CONTROVERSY marred the end of this Munster minor hurling championship final with referee Joe Larkin prematurely calling an end to proceedings with 40-seconds to play and Limerick in search of an equalising goal.

Ultimately the 0-20 to 0-17 win for Tipperary means no historic three-in-a-row of provincial titles for Limerick.

Limerick goalkeeper and captain Eoghan McNamara has just seen his 21-metre free saved in the first minute of injury time when the final whistle was sounded. The large stopwatch in Semple Stadium was showing 61.21 when the whistle sounded but the fourth official had earlier signalled that there would be at least two minutes of added time.

Limerick players, management and officials protested but the result stood.

All is not lost for the Leo O’Connor and Anthony Daly coached Limerick as they progress to the All Ireland quarter final against Antrim on July 25/26.

But they will look back and now that this was a Munster final that they could have won. Perhaps there was on over reliance on the brilliance of Peter Casey, with the Na Piarsiagh man accounting for thirteen points - all but four of the Limerick total. Indeed only three of Casey’s tally was from play meaning just seven scores from open play for Limerick over the course of the hour. On top of that were 12 wides. All that compares with 16 scores from play for the winners and a wides tally of just nine.

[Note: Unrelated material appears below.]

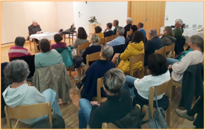 Die Lesung war gut besucht, was uns sehr gefreut hat. Zuerst gab er einen Einblick in seine neuesten zwei Werke: „Leirich’s Zögern“ und „Diese paar Minuten“. Anschließend unterhielt er uns mit Liedern aus eigener Feder und wir hatten mit seinen humorvollen, satirischen Texten viel zu lachen.

Tipperary were the 8/13 favourites and they started the better and had three points on the scoreboard inside three minutes.

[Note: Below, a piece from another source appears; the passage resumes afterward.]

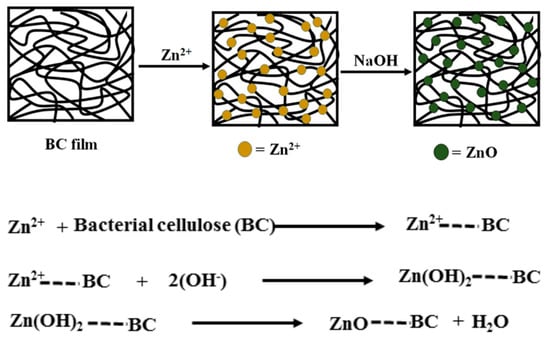 The mechanism proposed for the formation of ZnO NPs inside the BC network [59].

But then Limerick grew into the game and enjoyed the better share of possession for much of the first half, after which they led 0-10 to 0-8.

The sides were level for the first of 12 times in the ninth minute after points from Casey and Mikey Mackey from play.

Limerick were now on top but had six wides by the midpoint of the half and were playing with the wind and trailed 0-4 to 0-3.

Seamus Flanagan ended 10-minutes without a Limerick score and free from Casey followed for a 0-6 to 0-5 lead for the first time.

McNamara had to be alert in the Limerick goal to deny Cian Darcy but the points continued to flow.

But while Tipp ended the half with seven different scorers from play, Limerick only had three marksmen and half the 10-points came from frees.

Two of those Casey frees were the final scores of the half to give Limerick the two point interval advantage after the sides were level six times.

Just like the first half, Tipperary had a run of three points to start the second half and to go ahead.

But Limerick regrouped with a move of Barry Murphy to the half forward line paying dividend as he was fouled for two of three frees fro Casey to regain the lead.

When Thomas Grimes had the first Limerick score from play in the 11th minute of the second half Limerick were looking back in control.

But enter Tommy Nolan and he hit three of the next five points to wrestle the lead back for the Tipperary, who were now roared on by the large home support in to watch the senior final.

With 13-minutes to play, the Premier County were 0-16 to 0-15 ahead.Casey levelled and then Murphy had Limerick a point up with eight minutes to play.

With plenty experience from last year’s All Ireland final defeat to Kilkenny in Croke Park on the field, experience should have been an advantage to Limerick in the closing stages but it was Tipperary that got a run of four points to secure victory.

Lyndon Fairbrother hit two of these from play and sub Shane Neville the last point.

In injury time Limerick won a 21-metre free and up came goalkeeper McNamara. His drive for goal was saved and then amazingly the referee blew the final whistle as Limerick attempted to scramble the rebound to the net.

The stopwatch on the electronic said there were 40-seconds to play, but the referee deemed otherwise.